Nun steht also morgen die hastige Neuwahl an. Schnell war ein für die Regierungskoalition maximal bequemer Kandidat gefunden. Ein Politprofi und Parteisoldat dem man mehr Entgegenkommen bei den noch anstehenden Milliarden- und Billionenverschiebungen zu traut. Nicht nur peinlich, sondern regelrecht gefährlich wäre da der Gegenkandidat, Bürgerrechtler und Pfarrer Gauck. Nicht so leicht zu beugen und ein Demokrat, der die Demokratie nicht mit der Muttermilch aufgesaugt und längst verdaut hat, sondern einer der sich diese noch frisch und tapfer erarbeitet hat.

Sympathien fliegen ihm daher nicht nur aus der Opposition, sondern auch aus der Regierungskoalition zu. Theoretisch wäre sein Wahl möglich, denn im Gesetz zur Wahl des Bundespräsidenten besagt der Paragraph BPräsWahlG § 7: "Artikel 46, 47, 48 Abs. 2 des Grundgesetzes finden auf die Mitglieder der Bundesversammlung entsprechende Anwendung. Für Immunitätsangelegenheiten ist der Bundestag zuständig; die vom Bundestag oder seinem zuständigen Ausschuss erlassenen Regelungen in Immunitätsangelegenheiten gelten entsprechend. Die Mitglieder sind an Aufträge und Weisungen nicht gebunden." Und der referenzierte Grundgesetzartikel GG Artikel 46 besagt: "Ein Abgeordneter darf zu keiner Zeit wegen seiner Abstimmung oder wegen einer Äußerung, die er im Bundestage oder in einem seiner Ausschüsse getan hat, gerichtlich oder dienstlich verfolgt oder sonst außerhalb des Bundestages zur Verantwortung gezogen werden."

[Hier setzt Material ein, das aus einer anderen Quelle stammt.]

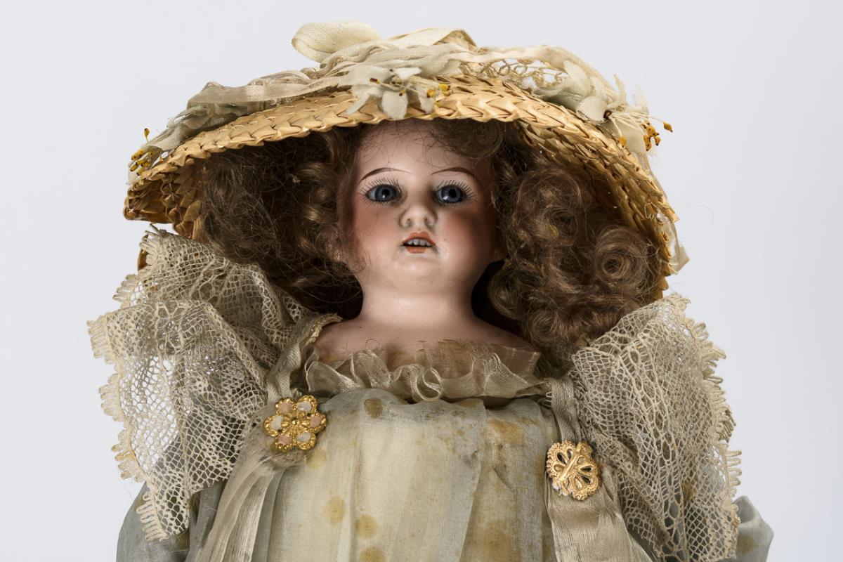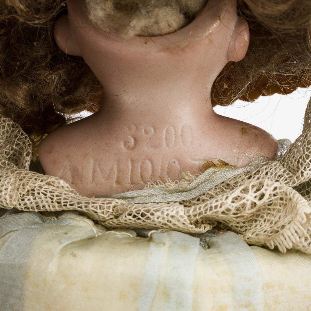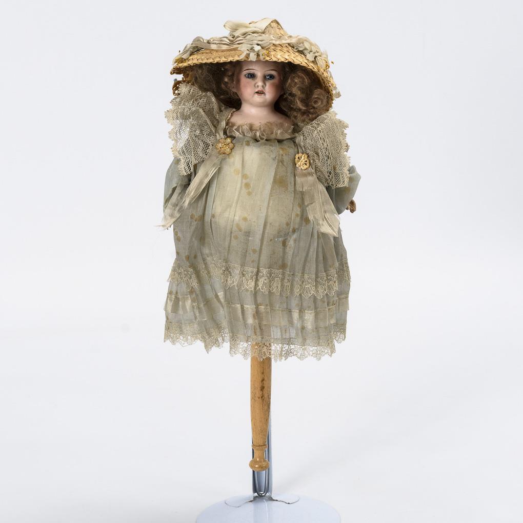 Brustkopf, feste blaue Glasaugen, blonde Mohairhaare. Drehbarer Pappkörper mit intaktem Werk an Drechselstab. Altes Kleid aus zartem blauem Stoff, Strohhut. Kopf ohne sichtbare Defekte, Kleid fleckig mit Altersspuren.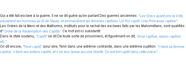 Ancienne signification du terme « captif », parution de 1798, dictionnaire académique Français.Merci à Lionel et Emmanuelle pour la numérisation du mot captif.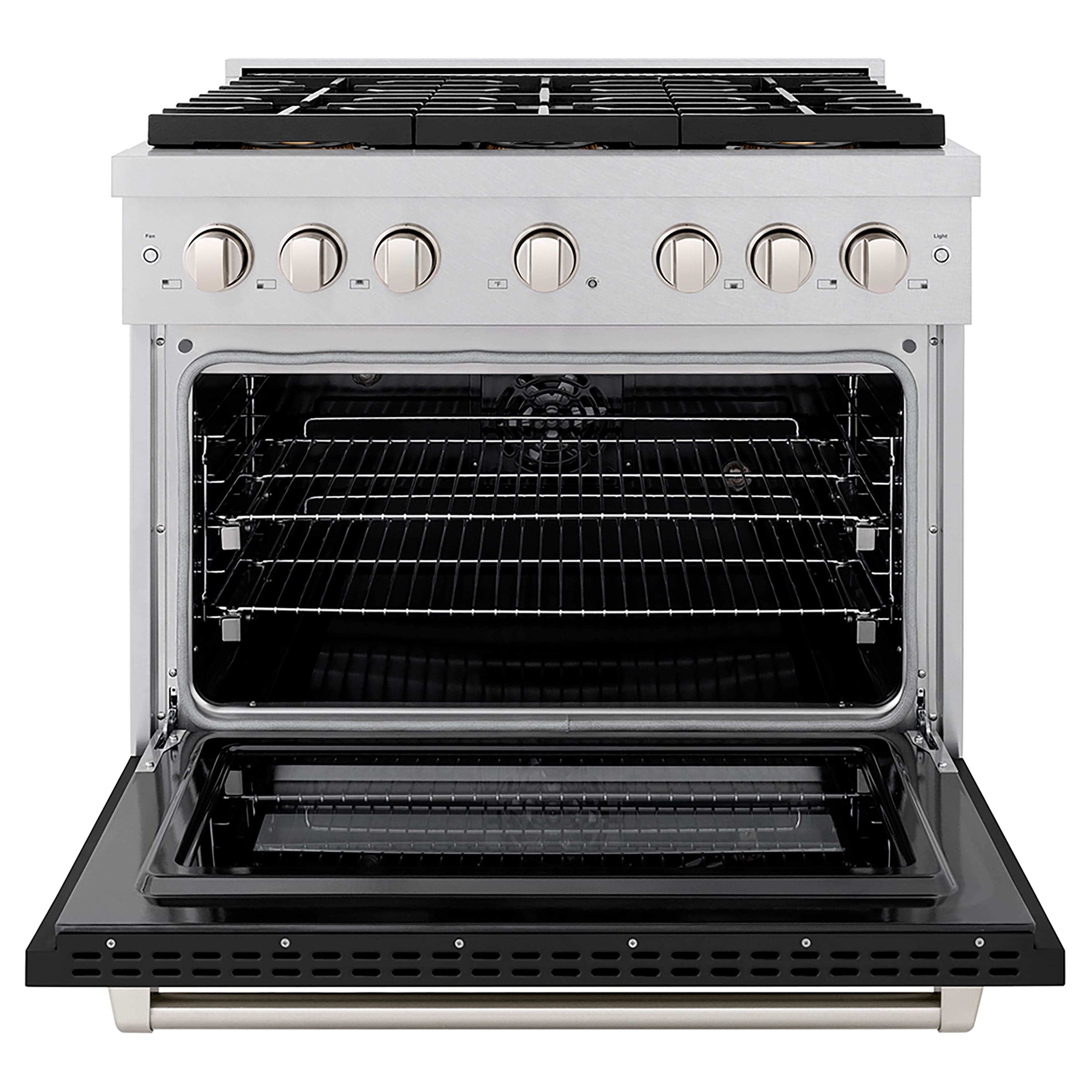 Luxury isn’t meant to be left desired—it’s meant to be attainable. The ZLINE 36 in. 5.2 cu. ft. Paramount Dual Fuel Range with 6 Burner DuoPro™ Cooktop and Electric Convection Oven in Satin Stainless Steel with Black Matte Door (PSDRS-BLM-36) features a high-powered gas cooktop with 6 hand-crafted Italian dual-ring brass burners and a versatile electric convection oven allowing you to master every meal. With ZLINE DuoPro™, every burner brings the performance you need—wherever you need it.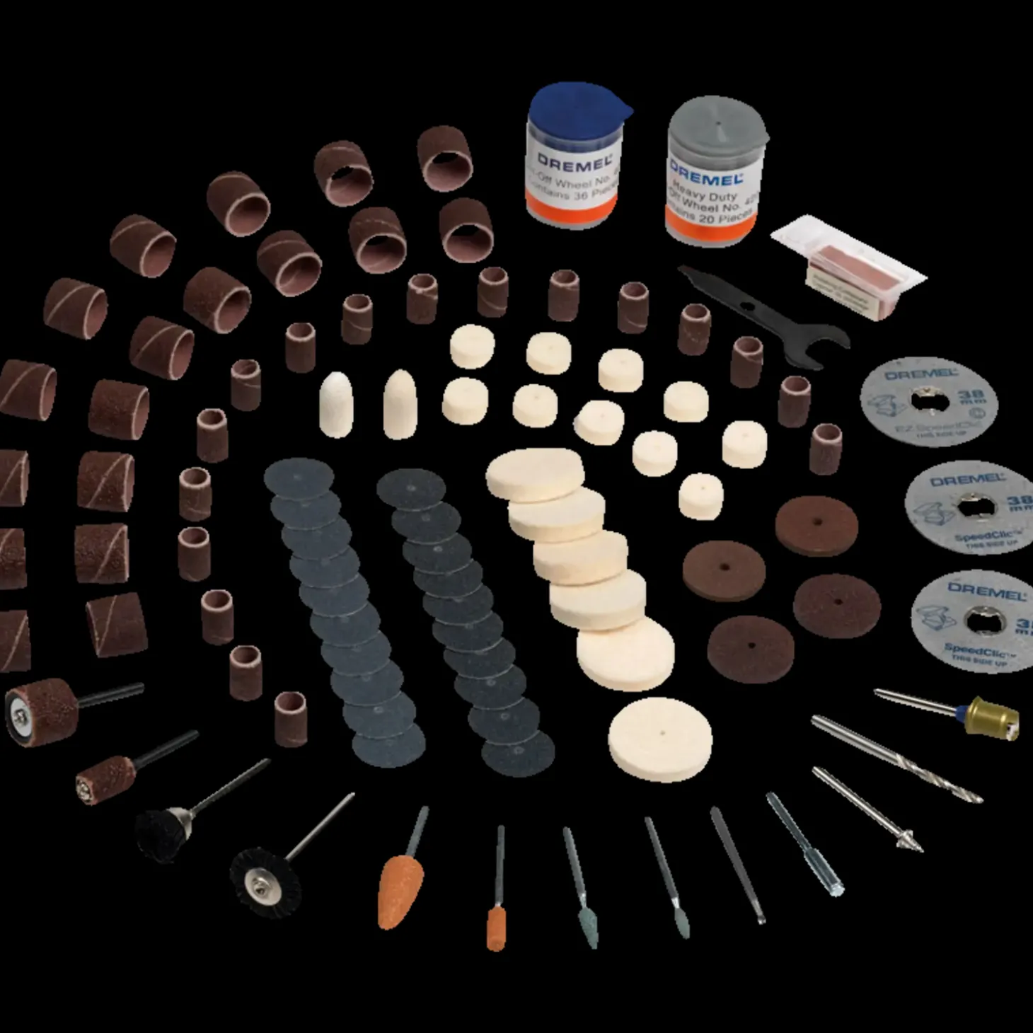 Dremel multifunktionssæt 724 med 150 førsteklasses originale Dremel-tilbehørsdele inklusive EZ SpeedClic-tilbehør, som sikrer, at du kan skifte tilbehør hurtigt og enkelt.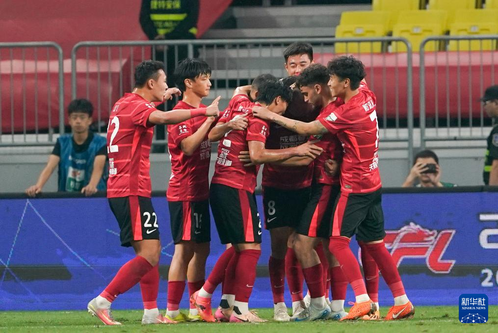 5月17日,成都蓉城队球员在比赛中庆祝进球。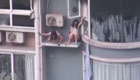 實拍:高樓發火 婆媳穿內衣躲空調外機被救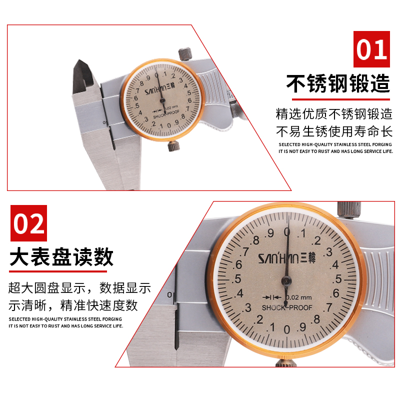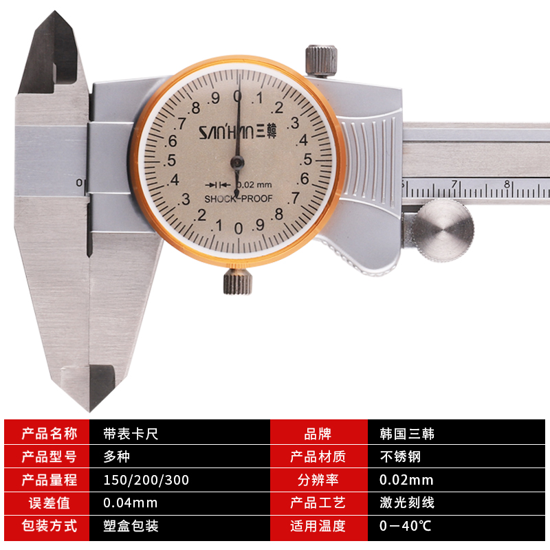 South Korea Sanhan belt table caliper 150 high precision stainless steel representative vernier caliper inner diameter measurement outer diameter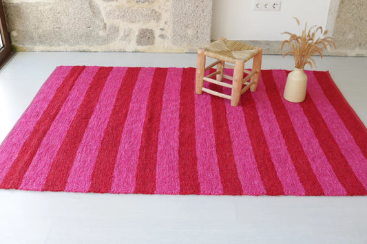 KÄSINKUDOTTU MATTO - PINKKI RAIDALLINEN 170x240cm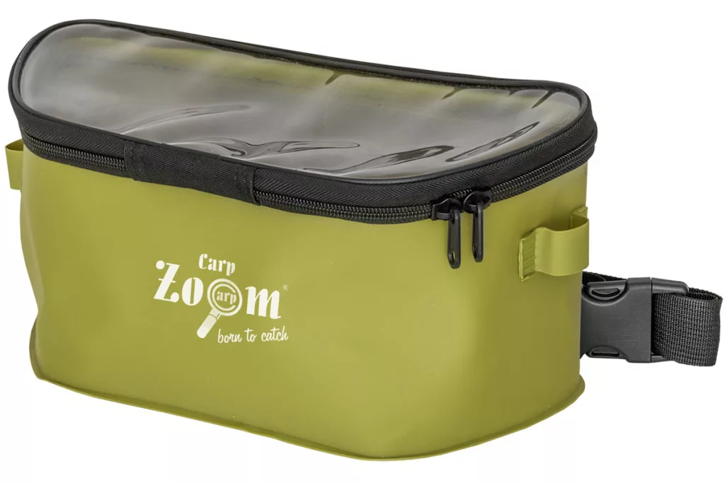 Derékra csatolható EVA anyagból készült csalizó övtáska, mely kényelmessé teszi az etetést és csalizást. Használatával hajladozás nélkül, végig a célra koncentrálva, pontosan becsúszlizható az etetésre szánt bojli, pellet, szemestakarmány vagy éppen csonti. Fedele átlátszó, zipzárral zárható, így tartalma szállítás alkalmával sem ömlik ki belőle.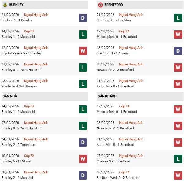 - Burnley thắng 5, thua 3 trong 8 trận gặp Brentford gần đây.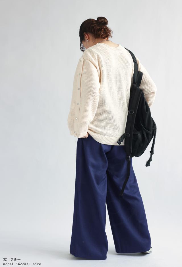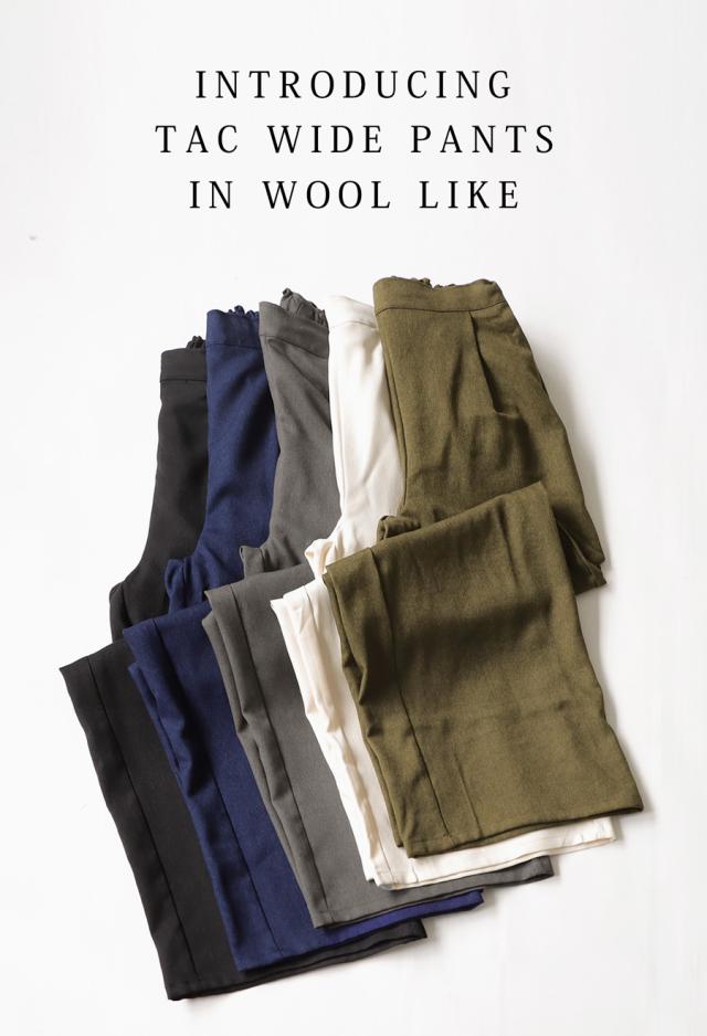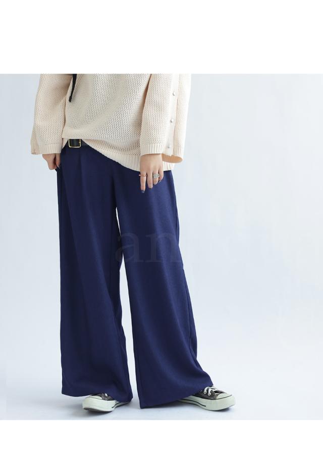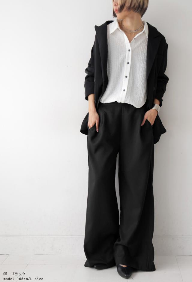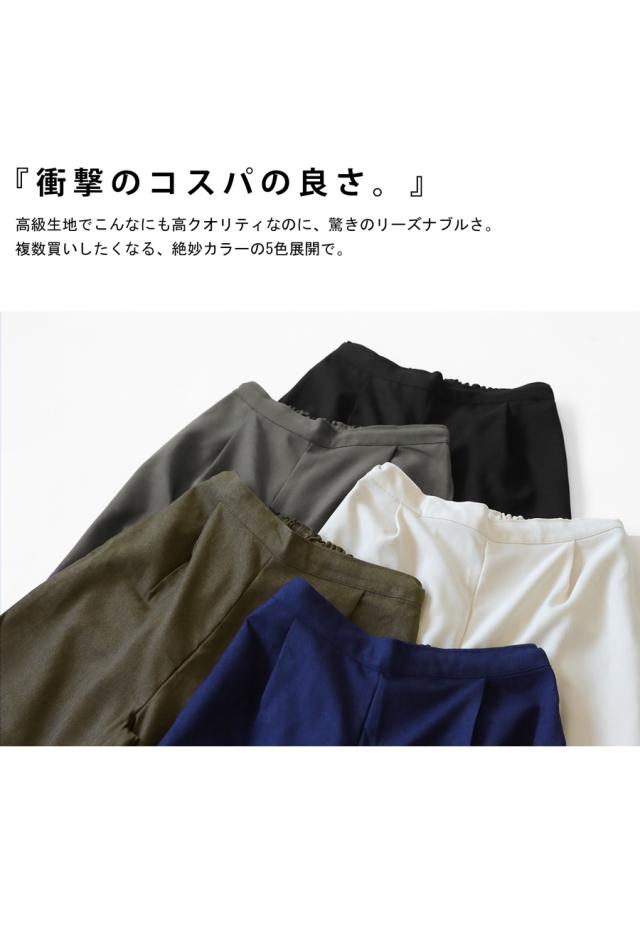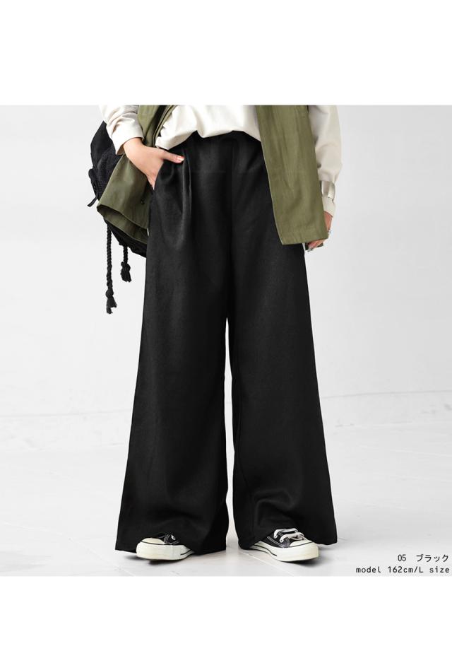 la-00026 ワイド ゆったり 長ズボン シンプル きれいめ タック タックパンツ 前フラット 後ろゴム 細見え 体型カバー モード ウールライク 大きめ 大きいサイズ サイズ展開 M L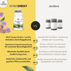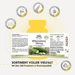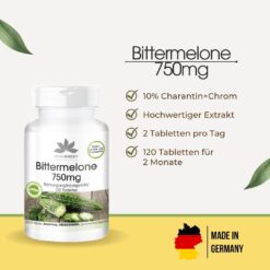 Viên uống Herbadirekt Bittermelone 750mg chiết xuất mướp đắng của hãng dược phẩm WARNKE Đức, giúp giảm tích tụ mỡ dư thừa, giảm hấp thụ đường trong máu, giảm cholesterol máu, nhờ đó hỗ trợ giảm cân, giảm đường huyết, hỗ trợ hệ miễn dịch cho một cơ thể khỏe mạnh và đẹp từ bên trong. Sản phẩm được sản xuất tại Đức và đạt tiêu chuẩn chất lượng HACCP. Không chứa gelatin, không chứa gluten, không chứa lactose, không chứa men, thuần chay.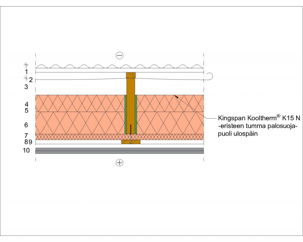 | YP 1.1 Energiatehokkuus 33§ | Kooltherm® K15 N 120 mm + Kooltherm® K12 120 mm rungon välissä Kooltherm® K12 70 mm yhtenäisenä kerroksena | 0,07 |

Trotz dieser eindeutigen Rechtslage werden die Mitglieder der Bundesversammlung in Koalitionszwang genommen und faktisch an einer freien Entscheidung gehindert. Der ausgeübte Druck ist enorm, und ertappte Abweichler dürfen sich im Zweifelsfalle sicher sein, nie wieder bei ihrer Partei einen Fuss auf den Boden zu bekommen. Und damit letzlich immaterielle oder materielle Vorteile, ja sogar Einkommen und Pensionsansprüche zu riskieren. Auch wenn das offiziell in keinem Dokument so je formuliert wird, es ist eine Tatsache.

Das die Parteien den Kandidaten vorher bestimmen, eine seit den Fünfziger Jahren praktizierter Vorgang der noch nie schief ging, ist aufgrund des faktisch unausweichlichen Fraktionsdruck ein offener Verfassungsbruch, der leider noch nie zu ernsthaften Klagen vor dem Verfassungsgericht geführt hat. Der Verlauf und das Ergebnis der morgigen Abstimmung ist also auch ein Live-Test des Zustandes unserer Demokratie. Ob noch Hoffnung besteht oder ob der Putsch der Finanzoligarchie alternativlos ist.

"Alternativlos", das Wort werden sie noch öfters aus Berlin hören.